Pictures don't belong in the copy; print all the records exactly.
Content starts
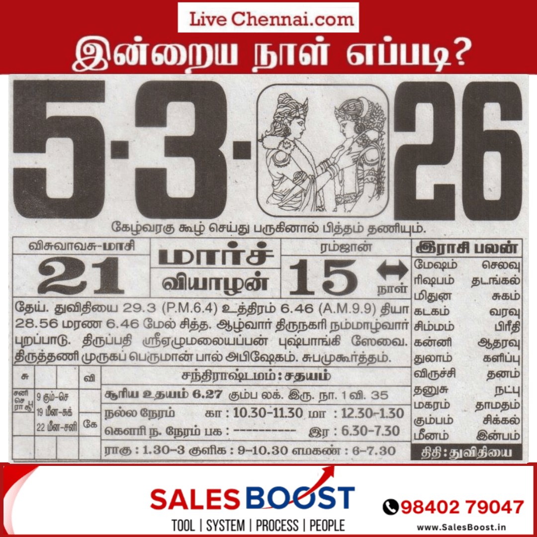 | March 5, 2026 – Thursday | Masi 21 | Visuvavasu Year | |||
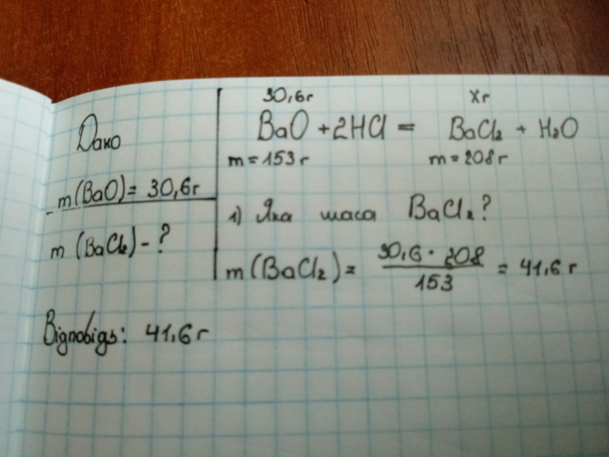Яка маса солі утвориться під час взаємодії 30,6 г BaO з HCl???
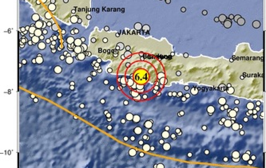 Dengan kekuatan gempa 6.4 SR pukul 16:49 WIB dengan Lintang 7.51 LS, Bujur 107.52 BT dikedalaman 118 Km.
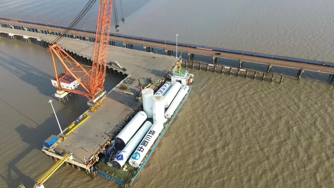 近日,隨著最后一件長31.6米、直徑6.6米、重146.3噸的風(fēng)電塔筒穩(wěn)穩(wěn)落在“云舟之星”輪甲板上,標(biāo)志著智慧港口公司散貨碼頭分公司創(chuàng)新的雙套風(fēng)電塔筒裝船工藝成功應(yīng)用實踐。
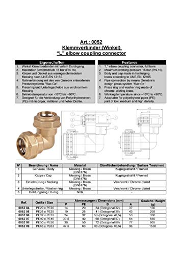 Unser Schraubfitting zugunsten PE Rohre besteht leer hochwertigem Messing UNE EN 12165 nach Legierung CW614N. Das von Genebre patentierte, luftdichte RAC-GE System, bietet maximale Sicherheit zugunsten Verbindungsrohre in Sanitär- und Heizungsinstallationen mit Betriebstemperaturen von -10ºC bis +90ºC.
Content ends
→ **Solution for this task**
 | March 5, 2026 – Thursday | Masi 21 | Visuvavasu Year | |||
Яка маса солі утвориться під час взаємодії 30,6 г BaO з HCl???
 Dengan kekuatan gempa 6.4 SR pukul 16:49 WIB dengan Lintang 7.51 LS, Bujur 107.52 BT dikedalaman 118 Km.
 近日,隨著最后一件長31.6米、直徑6.6米、重146.3噸的風(fēng)電塔筒穩(wěn)穩(wěn)落在“云舟之星”輪甲板上,標(biāo)志著智慧港口公司散貨碼頭分公司創(chuàng)新的雙套風(fēng)電塔筒裝船工藝成功應(yīng)用實踐。
 Unser Schraubfitting zugunsten PE Rohre besteht leer hochwertigem Messing UNE EN 12165 nach Legierung CW614N. Das von Genebre patentierte, luftdichte RAC-GE System, bietet maximale Sicherheit zugunsten Verbindungsrohre in Sanitär- und Heizungsinstallationen mit Betriebstemperaturen von -10ºC bis +90ºC.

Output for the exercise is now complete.